Kirelta doesn't need your model, your code, or your raw records. It needs the same feature vectors you already compute.
Send rows from a window when the model was working. Kirelta learns that shape and picks its own monitor for it — you don't choose an algorithm.
The batch you want a call on. Kirelta compares it to the baseline and answers with a verdict, an action, and the evidence.
Serve, flag, or hold. One if statement in the code you already have.
The drift alarm is anytime-valid. Its false-alarm probability is bounded across the entire run, not per batch. Tools that re-run a fresh test on every window accumulate false alarms the longer you watch — this is a real mathematical difference, and it's why Kirelta can keep watching without becoming noise. We measured it rather than just asserting it: across 300 clean batches on a verified synthetic baseline, the alarm fired 1.7% of the time against the ≤ 5% bound — and caught a one-sigma shift in 60/60 batches.
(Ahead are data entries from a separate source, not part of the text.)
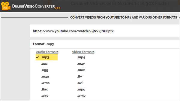 Online Video Converter is a great YouTube video downloader & converter. With it, you can quickly convert online or local videos to MP3, WMV, M4A, MP4, AVI, MPEG, MOV, FLV, 3GP, and other formats. Unlike other YouTube to mp3 converters, it has no limit on the number of files. After conversion, your files will be automatically deleted from their servers after a few hours, and no one can access them except you. The only limitation is that you can only upload files up to 2GB in size.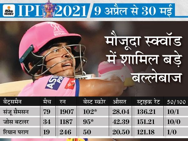 राजस्थान की बात करें तो टीम की बैटिंग लाइनअप बेहद मजबूत है। टीम के पास टॉप ऑर्डर में जोस बटलर और यशस्वी जायसवाल जैसे बल्लेबाज हैं। वहीं, सैमसन IPL की खोज रहे हैं। इसके बाद रियान पराग, बेन स्टोक्स और राहुल तेवतिया जैसे बल्लेबाजों की मौजूदगी से टीम को मजबूती मिलेगी। IPL ऑक्शन के सबसे महंगे प्लेयर मॉरिस फिनिशर का रोल निभाते नजर आएंगे।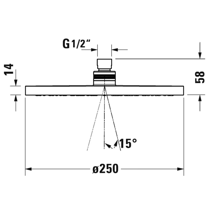 Лейка верхнего душа матовый, 25 см, round, чёрный цвет, без держателя, Duravit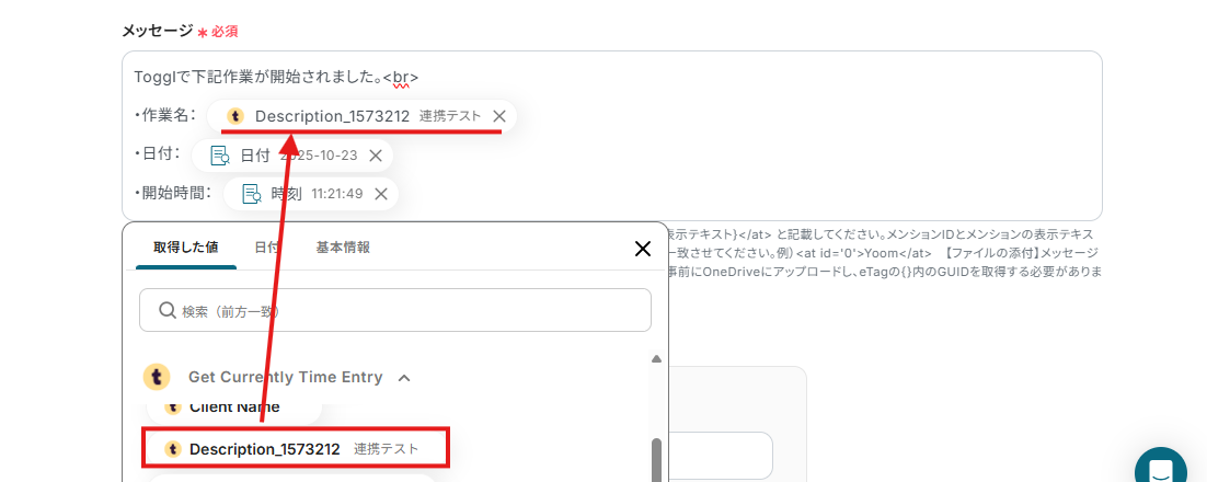例えば、下記画面のように設定するとTogglでTime Entryが作成されたら「Description」と「日付」、「時刻」を取得し自動でMicrosoft Teamsのメッセージに反映できます。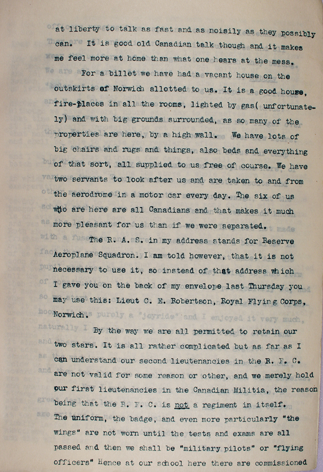 The R. A. S. in my address stands for Reserve Aeroplane Squadron. I am told however, that it is not necessary to use it, so instead of that address which I gave you on the back of my envelope last Thursday you may use this: Lieut C. E. Robertson, Royal Flying Corps, Norwich.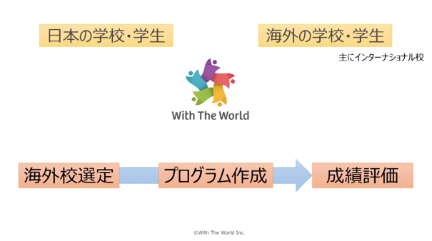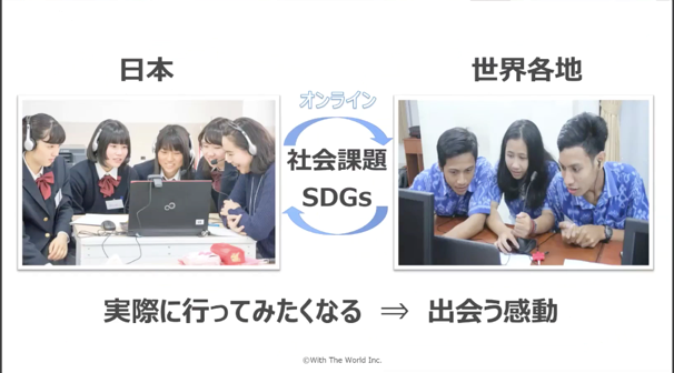 国内と海外の学校をオンラインでつなぎ、社会課題について議論するアクティブラーニング授業を展開する株式会社With The Worldは、2018年に起業してからすでに世界54か国330校と連携し、2020年だけでのべ1000人に実施しています。海外校の選定からプログラムの作成、オンラインでの実施サポート、成績評価までトータルに行い、リピートにもつなげています。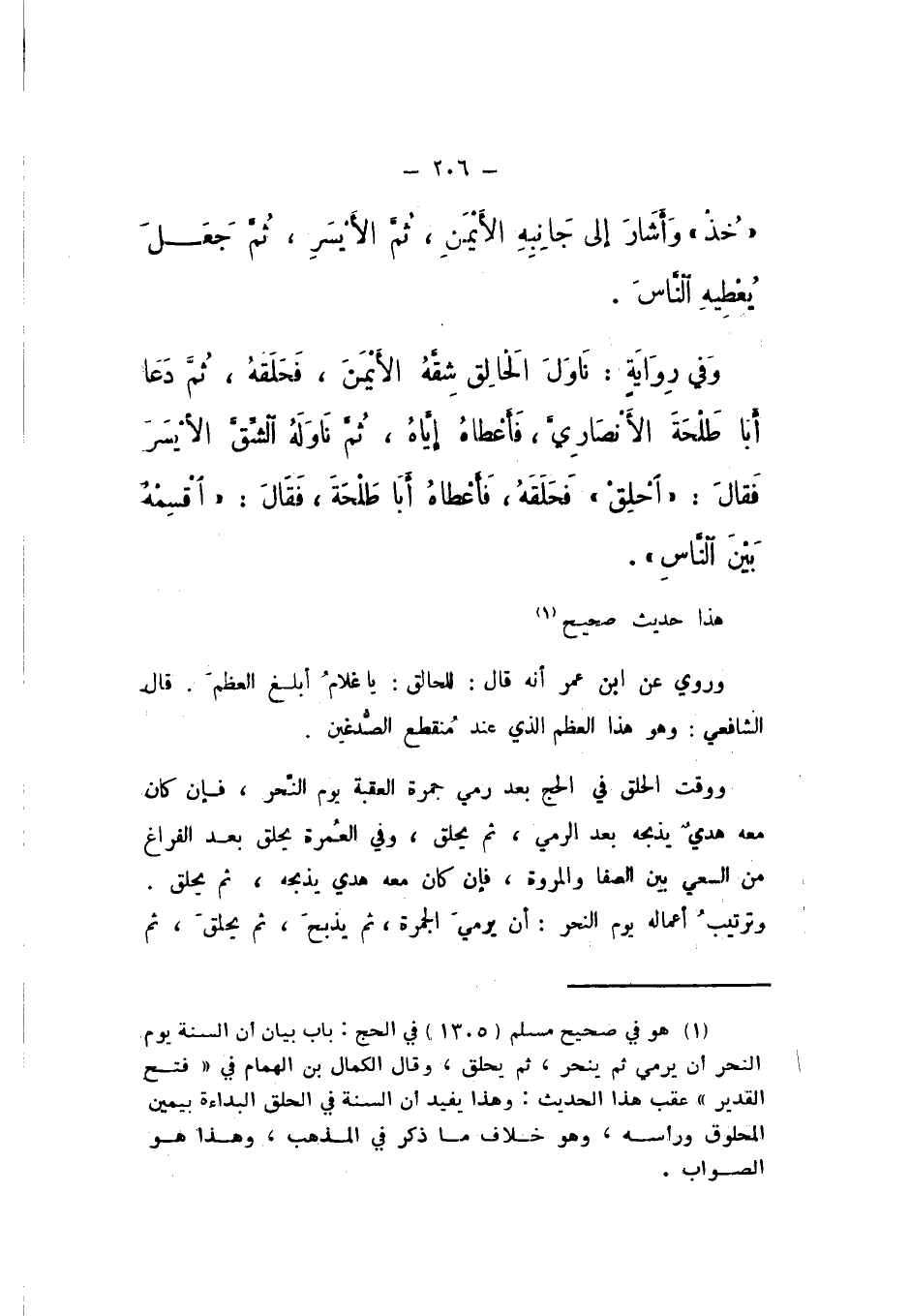 وَفِي رِوَايَةٍ: نَاوَلَ الْحَالِقَ شِقَّهُ الْأَيْمَنَ، فَحَلَقَهُ، ثُمَّ دَعَا أَبَا طَلْحَةَ الْأَنْصَارِيَّ، فَأَعْطَاهُ إِيَّاهُ، ثُمَّ نَاوَلَهُ الشِّقَّ الْأَيْسَرَ، فَقَالَ: «احْلِقْ»، فَحَلَقَهُ، فَأَعْطَاهُ أَبَا طَلْحَةَ، فَقَالَ: «اقْسِمْهُ بَيْنَ النَّاسِ».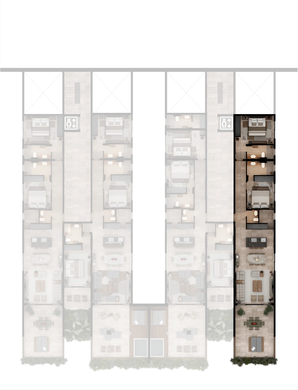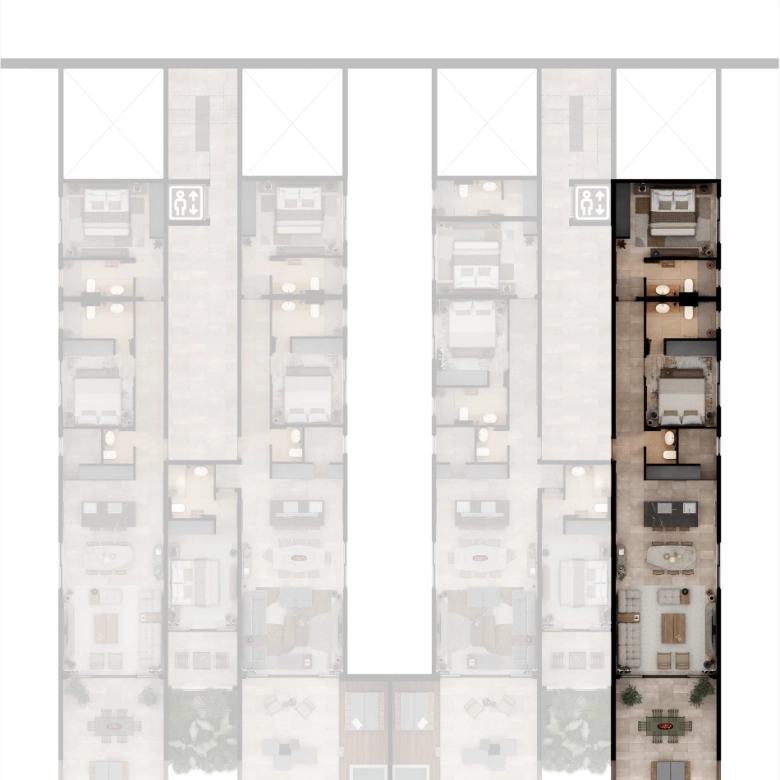 Selected residences feature private jacuzzis, while the upper penthouses offer expansive terraces and uninterrupted sea views.

It cannot tell you your model's accuracy dropped. Kirelta watches the inputs, not the outcomes. If the world changed in a way that leaves your input distribution untouched, Kirelta will not see it — and it will say so rather than invent a number.
The engine's own documentation lists where it wins and where a simpler method beats it. We'd rather you trust the verdicts you do get.
The demo console runs the engine on a verified dataset — the numbers you see are the numbers it produced.